# Blanking off toilet flange



## white29 (Sep 18, 2007)

Two ways I can think of. Use a test plug which has a wing nut on top that expands a rubber gasket inside the pipe when tightened. I use these when remodeling. Or go to a plumbing supply(forget the big boxes on this one) and get a blind flange and gasket for whichever size pipe you have and then fasten with closely cut closet bolts.


----------



## Termite (Apr 13, 2008)

If you'll have access to it, I think the test plug is a great idea. 

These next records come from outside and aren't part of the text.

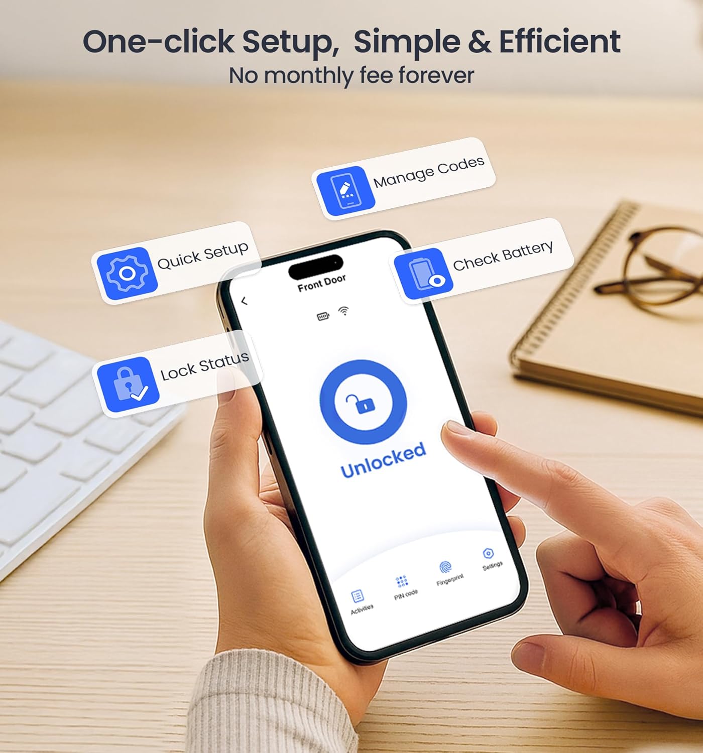 6 Smart Access Methods: This keyless door lock offers 6 ways to lock and unlock— App, Fingerprint, PIN Code, Voice Control, Auto-Lock, and Physical Key—delivering flexible, secure control
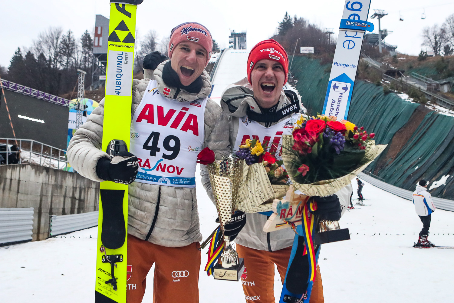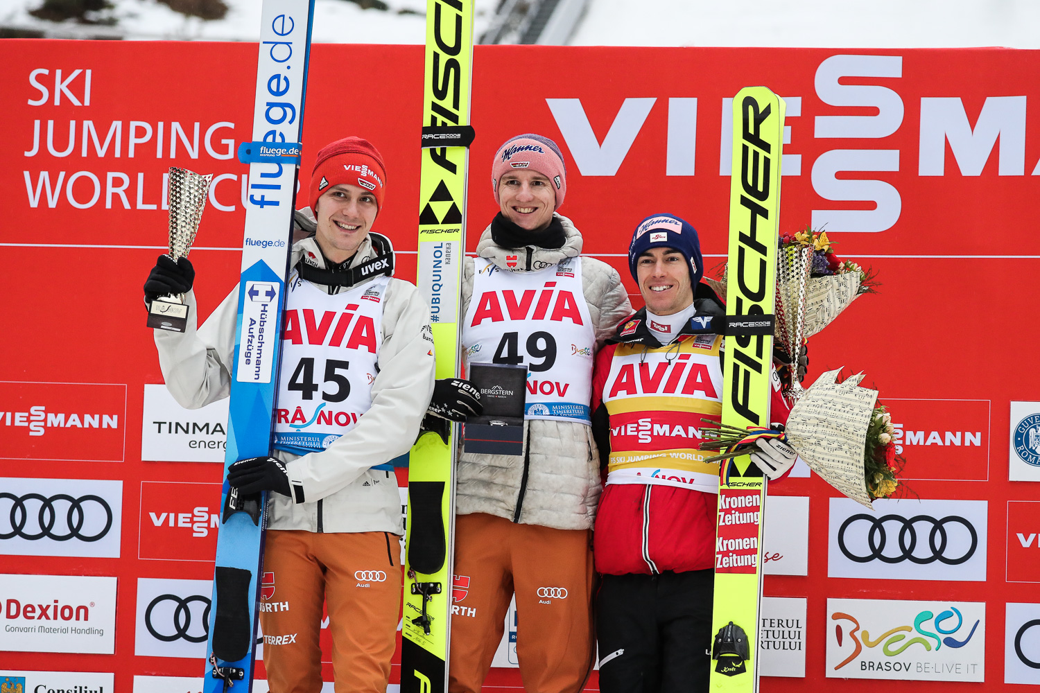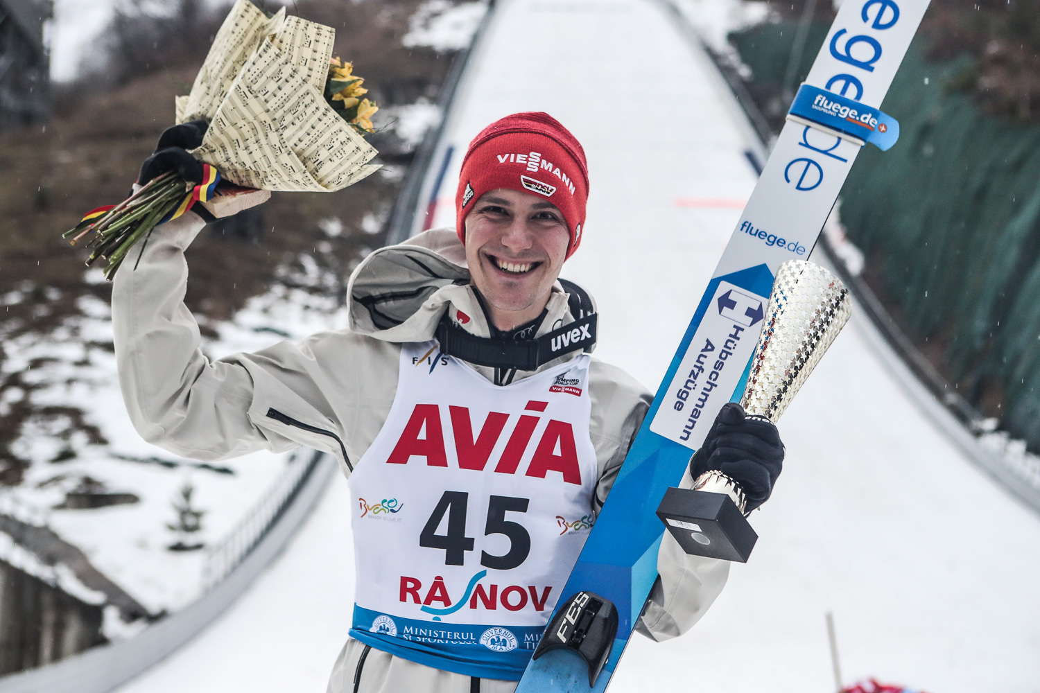 Doppelsieg für die DSV-Adler: Karl Geiger (270,3) hat den allerersten Herren-Weltcup im rumänischen Rasnov für sich entschieden und seine Qualitäten auf den kleinen Schanzen nach Val di Fiemme erneut unter Beweis gestellt. Der Allgäuer sprang auf zweimal 100 Meter und gewann damit alle drei Wettbewerben in diesem Winter auf der Normalschanze. Hinter Geiger erreichte Willingen-Sieger Stephan Leyhe (264,9/99 und 97,5 Meter) den vierten Podestplatz seiner Karriere vor dem österreichischen Weltcup-Spitzenreiter Stefan Kraft (264,5/98 und 97,5 Meter), auf den Geiger im Gesamt-Weltcup so 40 Punkte gut machen konnte.
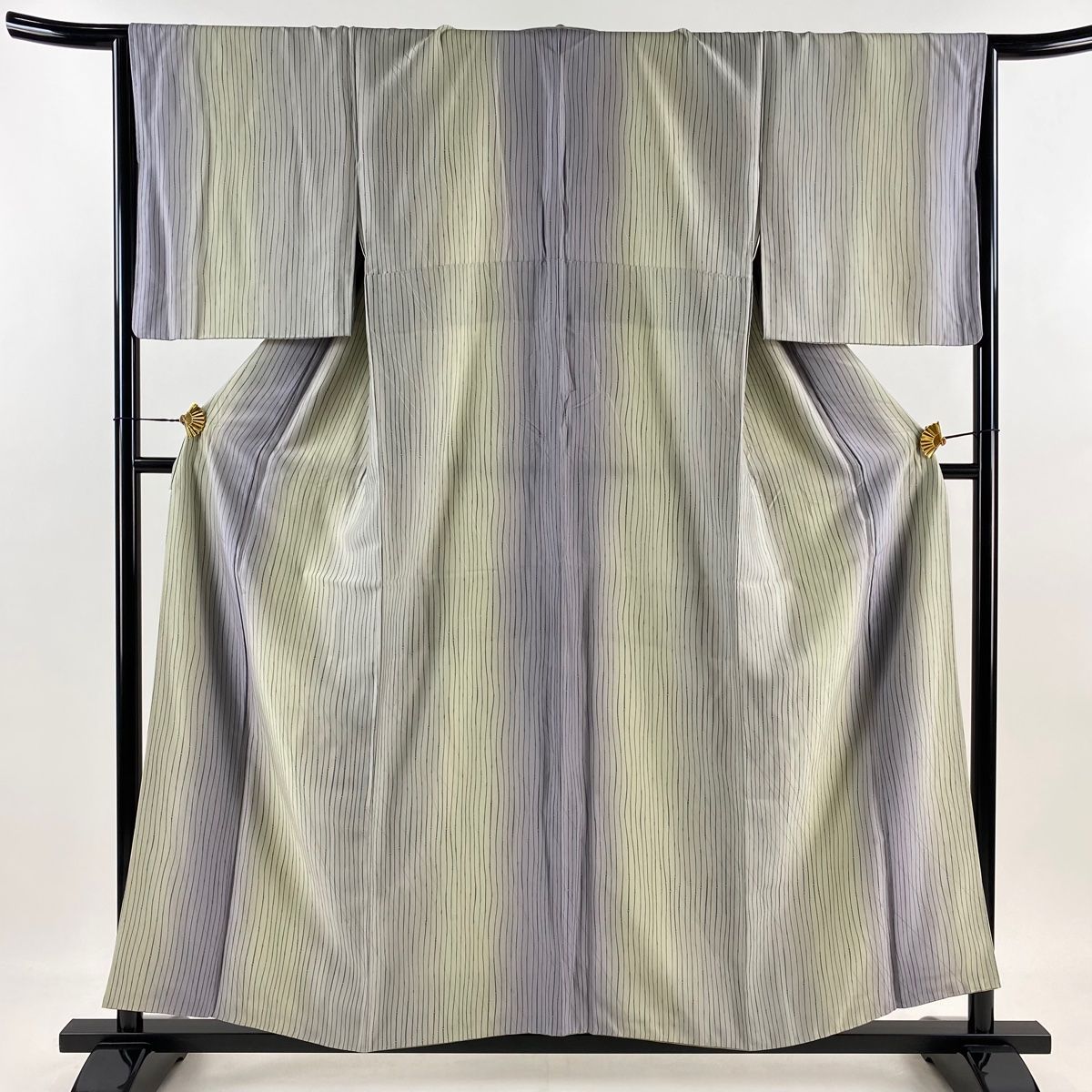 小紋 身丈157 cm 裄丈67.5 L 袷 竹縞 地紋 縦ぼかし 灰紫 正絹

If you won't be able to get at it, I'd suggest breaking out a little bit of your slab and actually capping the pipe permanently.


----------



## majakdragon (Sep 16, 2006)

Since the pipe from the toilet will not have a trap, I would go with the test plug to guarantee no sewer gases are leaking into the room. You could then make a cover out of the material of your choice to attach to the flange with cut-off closet bolts.


----------



## Earl43 (May 22, 2008)

*How to permanently cap it off?*

How would one permanently cap it off? such that the flange is below floor grade. I would be doing this in a basement. Flange is in a slab. I relocated my basement bathroom and would like to permanently cap the old toilet flange such that I can tile over it. Thank you,
Earl


----------



## white29 (Sep 18, 2007)

If I'm understanding you correctly I believe it could just be concreted flush with the subfloor.


----------



## Alan (Apr 12, 2006)

Where I come from, a test cap or plug is not an approved fitting. :no:

To do it right, you have to get at the pipe below the concrete, and glue on a 3" or 4" cap, whatever size pipe you've got.


----------



## majakdragon (Sep 16, 2006)

Earl. You need to seal the pipe to prevent sewer gases from coming through it. I have stuffed a rag tightly into the pipe and then used concrete to seal it off and smooth the surface. I would advise tying a wire around the rag and bring it up so the concrete will grab it. This prevents the rag from coming loose and going into other drainlines.


----------



## Earl43 (May 22, 2008)

*thanks!*

I appreciate your help!
Earl


----------